一个简单例子,实际就是解析元数据,基于规则判断,为了方便处理,开发了一个工具模块utils.py 定义了类型以及元数据解析处理

  • check_macro_has_description.py
import argparse
import os
import time
from typing import Any, Dict, Optional, Sequence
 
from dbt_checkpoint.tracking import dbtCheckpointTracking
from dbt_checkpoint.utils import (
    JsonOpenError,
    add_default_args,
    get_dbt_manifest,
    get_filenames,
    get_macro_schemas,
    get_macro_sqls,
    get_macros,
    get_missing_file_paths,
    red,
)
 
#  基于元数据的规则处理
def has_description(
    paths: Sequence[str], manifest: Dict[str, Any], exclude_pattern: str
) -> Dict[str, Any]:
    paths = get_missing_file_paths(paths, manifest, exclude_pattern=exclude_pattern)
    status_code = 0
    ymls = get_filenames(paths, [".yml", ".yaml"])

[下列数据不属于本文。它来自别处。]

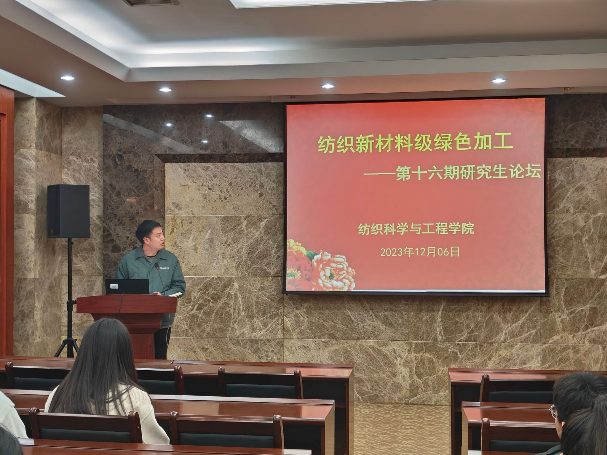 首先,张文老师介绍了举办研究生论坛的主旨和意义,同时宣布第十六期“纺织新材料及绿色加工”研究生论坛开始。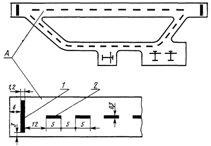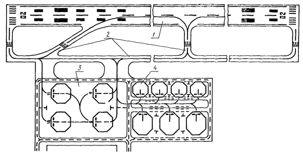Черт. 10 (Новая редакция, Изм. № 1). Пути движения специальных машин 1 - пути движения специальных машин; 2 - знак Т для остановки специальных машин; 3 - пунктирные линии, разрешающие въезд или выезд специальных машин; 4 - место вынужденного въезда или выезда; 5 - знак остановки самолета; 6 - контур зоны обслуживания Черт. 11 При маркировке зоны обслуживания групповых стоянок самолетов групп III и IV, маркировочную линию восьмиугольника располагают на расстоянии 1,5 м от крайней габаритной точки самолета. 4.6. Пути движения специальных машин для аэродромов всех классов маркируют сплошными и пунктирными линиями с шагом 1 м шириной 0,10 м, белого цвета согласно черт. 11. Все пути движения специальных машин не должны совмещаться с осями руления самолетов. (Измененная редакция, Изм. № 1). 4.7. Односторонние пути движения специальных машин должны проходить перед стоящими самолетами на расстоянии 2 м от носовой части и от консоли крыла самолета, ширина одностороннего пути движения должна быть 3,5 м. 4.8. Двухсторонние пути движения специальных машин проходят за стоящими самолетами и имеют ширину 7 м. 4.9. Пути движения маркируют двумя сплошными линиями, обозначающими ширину проезжей части, двухсторонние пути движения дополнительно маркируют разделительной пунктирной линией. Между стоянками самолетов предусматриваются специальные проезды, где сплошная линия прерывается и заменяется пунктирной (черт. 11). 4.10. В промежутках между стоянками самолетов наносят знак Т белого цвета, указывающий место остановки специальных машин. Маркировочный знак Т располагают на расстоянии не менее 10 м от крайних габаритных точек стоящих самолетов. Форма и размер знака приведены на черт. 11. СОДЕРЖАНИЕ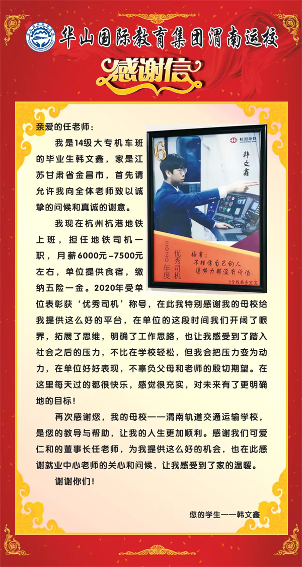 安置到杭港地鐵司機的我校優(yōu)秀畢業(yè)生韓文鑫,籍貫甘肅,月薪8000千以上
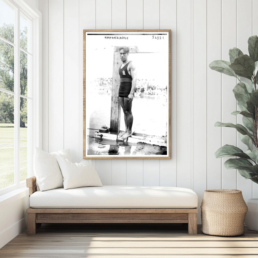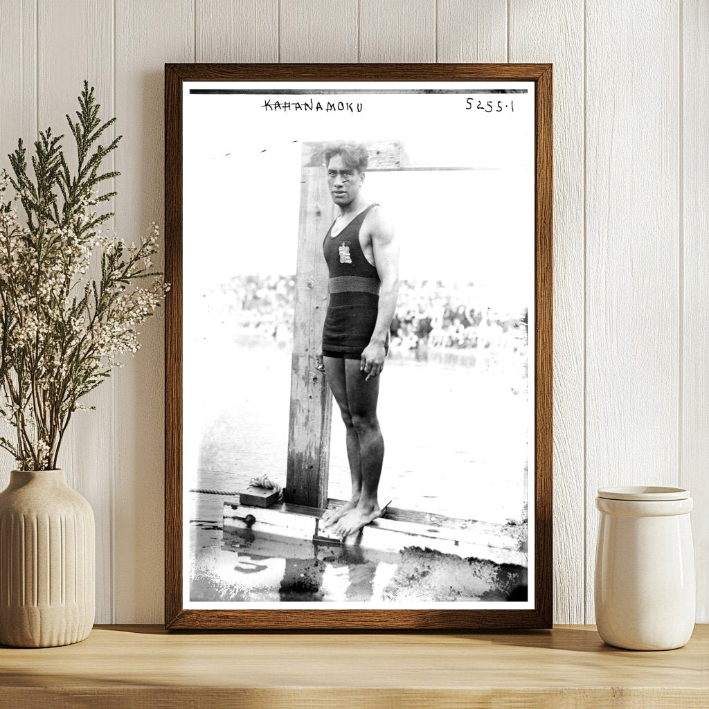 During this period, Kahanamoku had already made waves in the swimming world, winning multiple Olympic medals. His legacy includes not only his athletic prowess but also his efforts in popularizing surfing as a thrilling and respected pastime. This image serves as a reminder of the deep roots of Hawaiian culture and the growing interest in water sports that swept across the globe in the early 20th century. Kahanamokus sunny persona and dedication to his craft left an indelible mark on both sports and cultural exchange, influencing generations to come.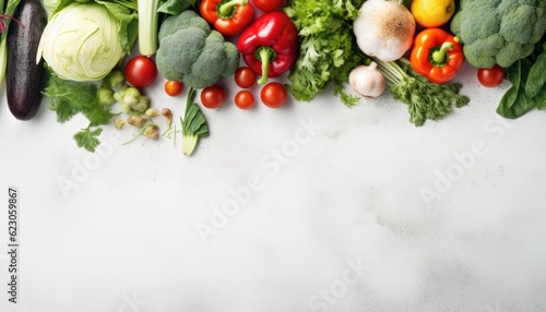 Fresh vegetables on white marble background. Healthy food concept. Top view, copy space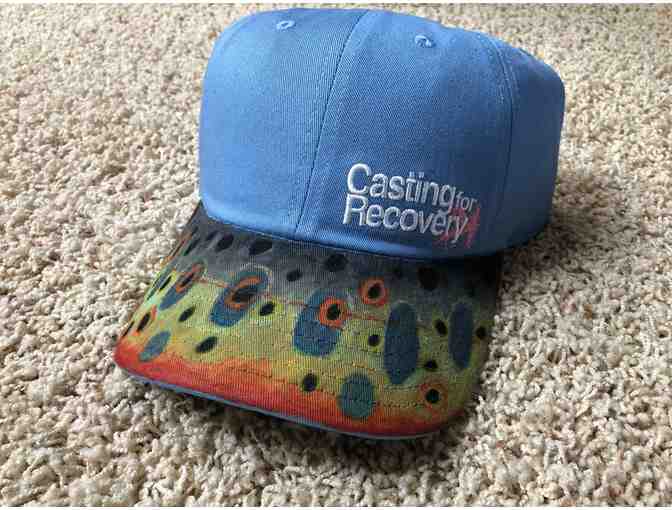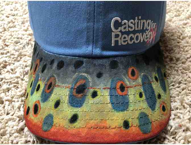 Here's an amazing and fun Casting for Recovery hat that has now been made into a piece of art! It's hand painted by Jodi Monahan of Missoula, MT whose artistic talents are unending. You'll be the only one who has one so get ready for others to want it! Jodi has painted the bill of one of our CfR blue ball caps with the colors and spots of a brown trout.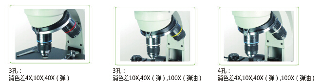 | 观察头 | 单目,30°倾斜,360°旋转 | ● | ● | ● | ● | |||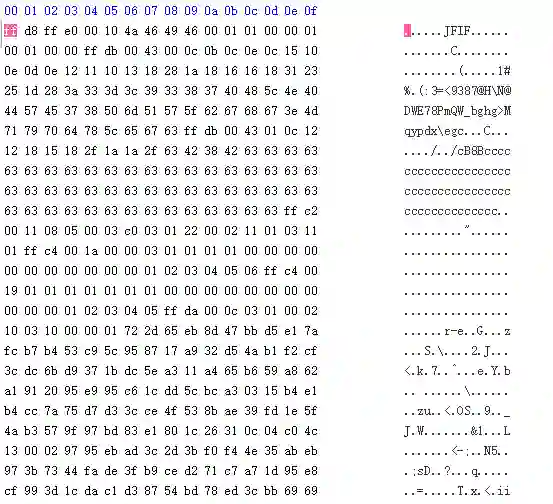 假如说你把 .jpg 的文件后缀改成了 .txt 那么当你用记事本去打开的时候就会呈现一堆乱码。。。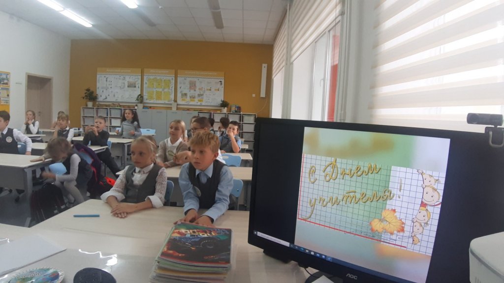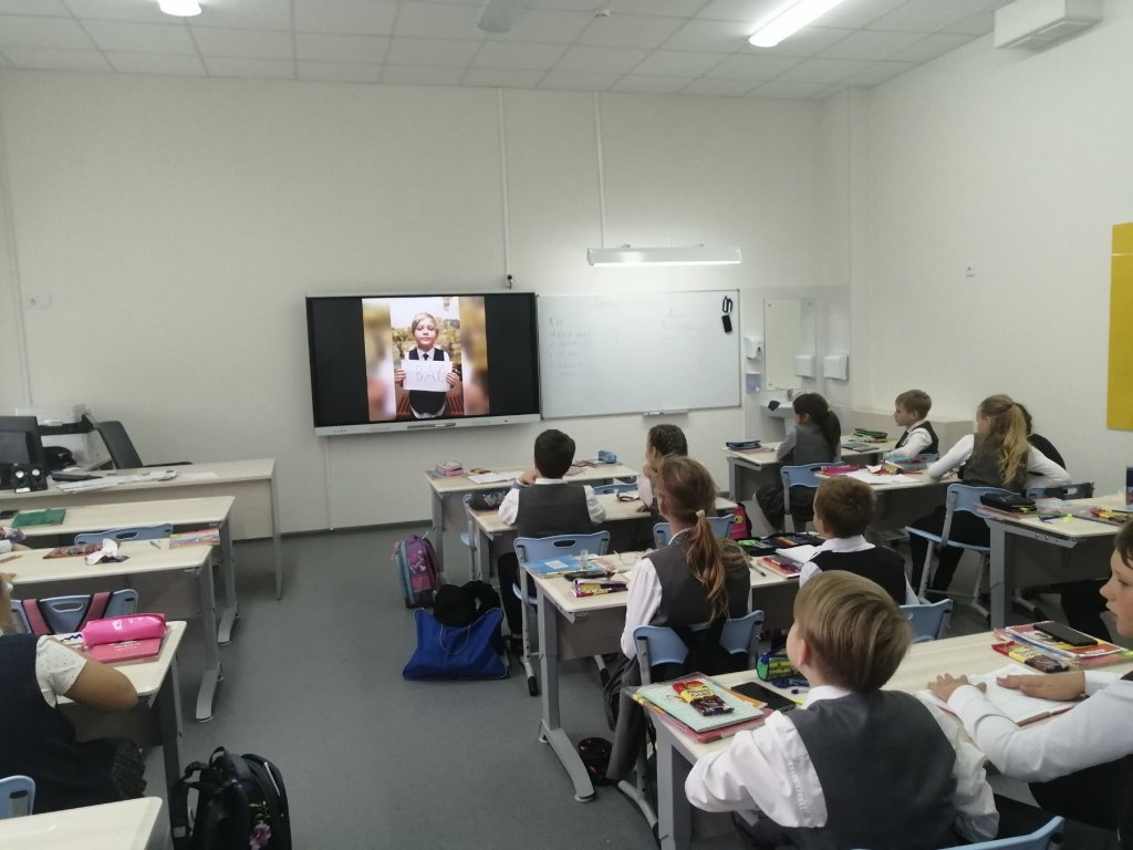 На классном часе, в этот день, учащиеся посмотрели видео фильм с поздравлениями, которые подготовил каждый класс.
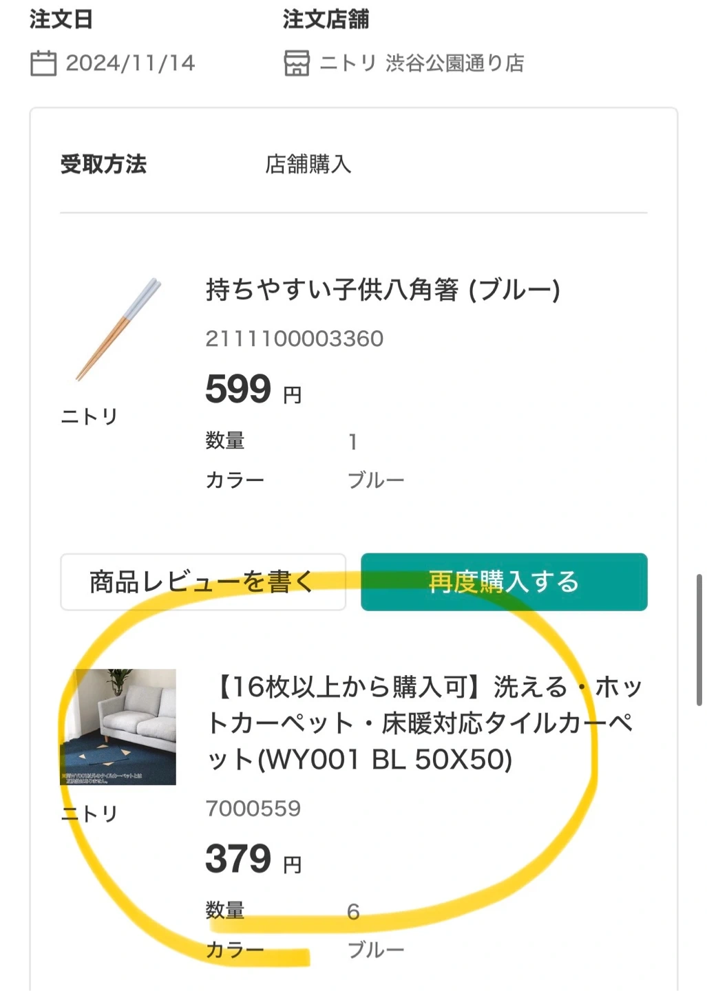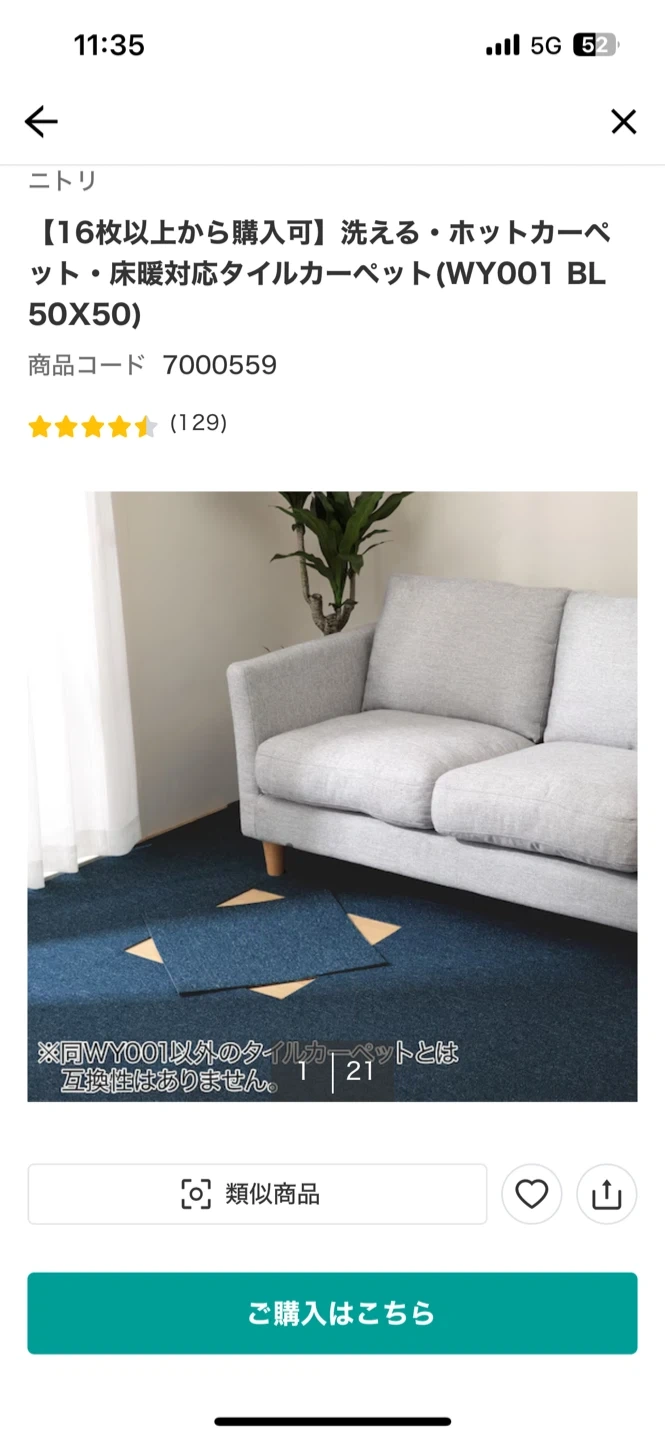 ニトリのタイルカーペットです。 【情報】 ブランド:ニトリ 商品:洗える・ホットカーペット・床暖房対応タイルカーペット 型番:WY001 BL 50X50 カラー:ブルー サイズ:50cm x 50cm ニトリで去年の11月に購入したタイルカーペット6枚セットです。半年ほど使用していたため新品とは異なります。 お安く出品いたしますのでご検討ください。 ⭐︎グレーも6枚ありますので、必要な方はおっしゃってください

    sqls = get_macro_sqls(paths, manifest)
    filenames = set(sqls.keys())
 
    # get manifest macros that pre-commit found as changed
    macros = get_macros(manifest, filenames)
    # if user added schema but did not rerun the macro
    schemas = get_macro_schemas(list(ymls.values()), filenames)
    # convert to sets
    in_macros = {macro.filename for macro in macros if macro.macro.get("description")}
    in_schemas = {
        schema.macro_name for schema in schemas if schema.schema.get("description")
    }
    missing = filenames.difference(in_macros, in_schemas)
 
    for macro in missing:
        status_code = 1
        print(
            f"{red(sqls.get(macro))}: "
            f"does not have defined description or properties file is missing.",
        )
    return {"status_code": status_code}
 
 
def main(argv: Optional[Sequence[str]] = None) -> int:
    parser = argparse.ArgumentParser()
    add_default_args(parser)
 
    args = parser.parse_args(argv)
 
    try:
        manifest = get_dbt_manifest(args)
    except JsonOpenError as e:
        print(f"Unable to load manifest file ({e})")
        return 1
 
    start_time = time.time()
    hook_properties = has_description(
        paths=args.filenames, manifest=manifest, exclude_pattern=args.exclude
    )
    end_time = time.time()
    script_args = vars(args)
 
    tracker = dbtCheckpointTracking(script_args=script_args)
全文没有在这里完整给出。